Edwards & Daniel v. Edwards

163 Ga. 825 | Ga. | 1927

Per Curiam.

1. This was a suit upon a sworn open account, as provided in the Civil Code (1910), § 4730, the same being an unliquidated demand. The affidavit as to correctness of the account antedated, and like the account was attached to, the original summons as a part thereof. The original summons, properly construed in connection with the sworn account, was a suit upon an unliquidated demand for $100 as principal debt, and $16.33 interest, the amount sworn to be due in the affidavit. The demand for the amount above stated was in effect a disclaimer for any part of the principal debt in excess of $100.

2. The demand being of the character above stated and the amount of principal debt claimed by the plaintiff being not in excess of $100, the justice’s court had jurisdiction of the case. Jennings v. Stripling, 127 Ga. 778 (56 S. E. 1026).

3. A justice of the peace has no authority to set aside a judgment rendered by him (Dalton City Co. v. Haddock, 54 Ga. 584; Doughty v. Walker, 54 Ga. 595; Mills v. Bell, 136 Ga. 687, 71 S. E. 1120); and consequently where a judgment based on the summons referred to in the first note had been regularly entered upon the docket of the justice of the peace, the subsequent entering of a second judgment on the same ' day before adjournment of the court, purporting to set aside the first mentioned judgment, was itself void and should be treated as a nullity. Civil Code (1910), § 5964; Greene v. Oliphant, 64 Ga. 565 (2).

(а) The alleged grounds upon which the first judgment was set aside were: (1) The amount claimed by the plaintiff exceeded the jurisdiction of the court. (2) Fraud practiced upon the attorney for the defendant, which prevented him from attending the court.

(б) If the judgment was obtained by fraud as indicated above, the fraud could be waived, leaving the judgment to stand enforceable, or, if not subsequently waived, it could be set aside in a court of equity, at the instance of the losing party to the judgment (McClatchey v. Bryan, 144 Ga. 292 (1b), 86 S. E. 1085), but until set aside it would be binding.
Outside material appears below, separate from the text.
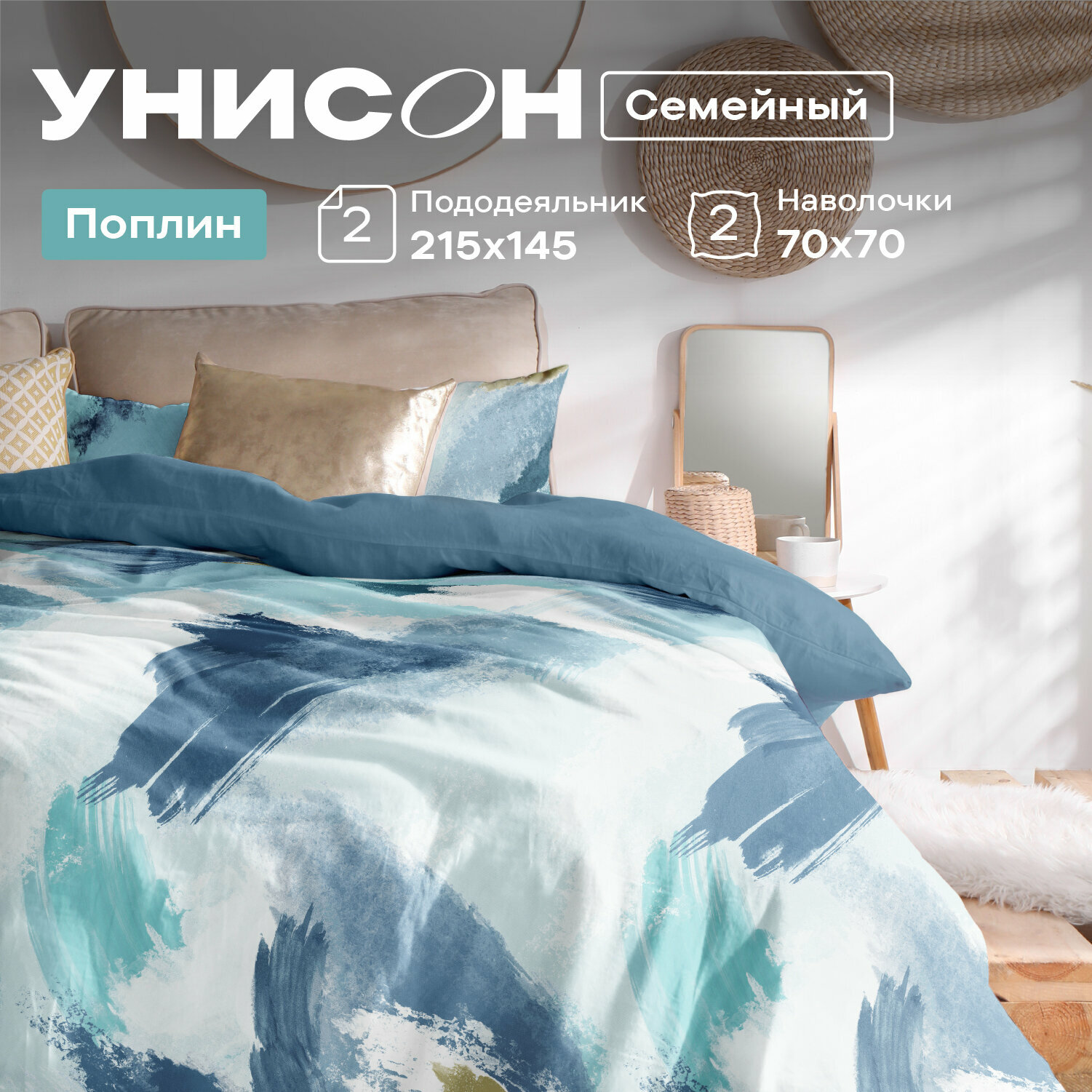 Унисон Комплект постельного белья, Поплин, Семейный, с двумя 2 пододеяльниками 145х215, нав. 70х70, Morachka 3 319 ₽

4. The issuance of an execution by a justice of the peace upon a judgment rendered in the justice’s court is a ministerial act. Scott v. Bedell, 108 Ga. 205 (2) (33 S. E. 903). Consequently, relationship of the justice of the peace to one of the parties does not disqualify the justice of the peace from issuing the execution.

5. It is the duty of a justice of the peace to issue an execution upon a judgment rendered in his court; and where there is a refusal to perform such duty, mandamus is an available remedy against him. Scott v. Bedell, supra.

6. The court erred in refusing a mandamus absolute.

Judgment reversed.

All the Justices concur, except Atkinson, J., who dissents on account of the ruling in the second note. *826No. 5469. February 24, 1927. J. A. Mitchell and P. H. Mitchell, for plaintiffs. Hawes Cloud, for defendant.